= Spurious wakeup =

Computing phenomenon

In computing, a spurious wakeup occurs when a thread wakes up from waiting on a condition variable and finds that the condition is still unsatisfied. It is referred to as spurious because the thread has seemingly been awoken for no reason. Spurious wakeups usually happen because in between the time when the condition variable was signaled and when the awakened thread was finally able to run, another thread ran first and changed the condition again. In general, if multiple threads are awakened, the first one to run will find the condition satisfied, but the others may find the condition unsatisfied. In this way, there is a race condition between all the awakened threads. The first thread to run will win the race and find the condition satisfied, while the other threads will lose the race, and experience a spurious wakeup.

The problem of spurious wakeup can be exacerbated on multiprocessor systems. When several threads are waiting on a single condition variable, the system may decide to wake all threads up when it's signaled. The system treats every signal( ) to wake one thread as a broadcast( ) to wake all of them, thus breaking any possibly expected 1:1 relationship between signals and wakeup.
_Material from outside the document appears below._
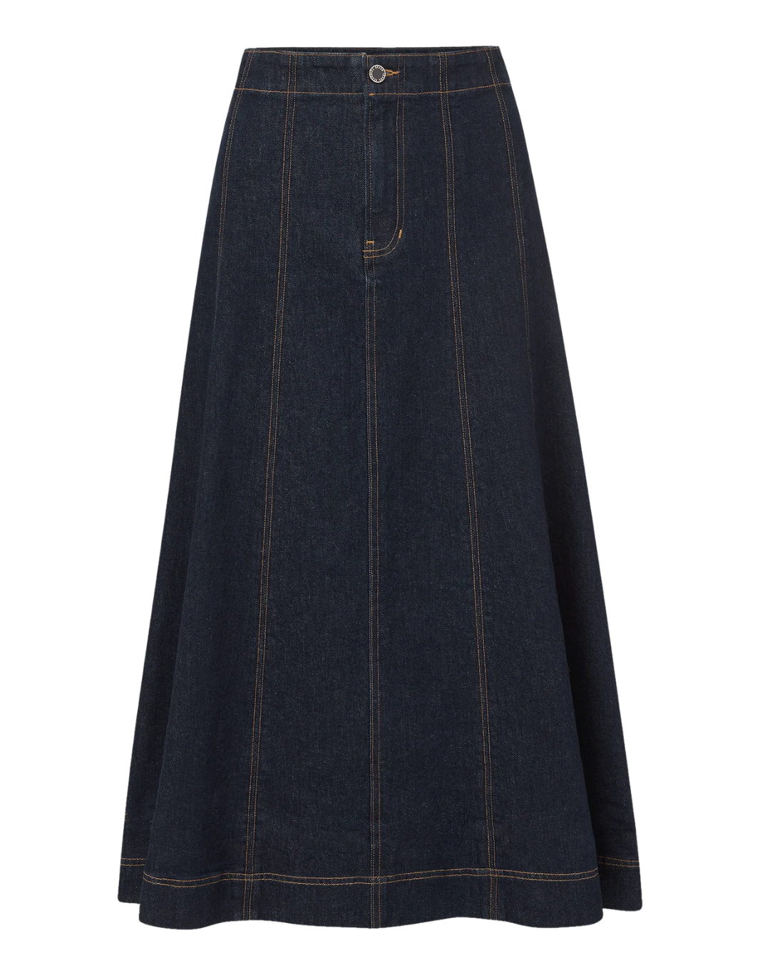 The denim skirt—perfected. Made in LA from dark-blue Italian stretch denim, the Alix circle skirt sits high on the waist and falls to a midi length with fluid movement. All-over contrast seams create a paneled effect, while a wide hem that hits just above the ankle adds extra swing. A seasonless staple, pair it with slingback heels for an elevated finish or tall boots for a more layered look.

If ten threads are waiting, only one will win and the other nine will experience spurious wakeup.

To allow for implementation flexibility in dealing with error conditions and races inside the operating system, condition variables may also be allowed to return from a wait even if not signaled, though it is not clear how many implementations do that. In the Solaris implementation of condition variables, a spurious wakeup may occur without the condition being assigned if the process is signaled; the wait system call aborts and returns EINTR. The Linux p-thread implementation of condition variables guarantees that it will not do that.

Because spurious wakeup can happen, when a thread wakes after waiting on a condition variable, it should always check that the condition it sought is still satisfied. If it is not, it should go back to sleeping on the condition variable, waiting for another opportunity.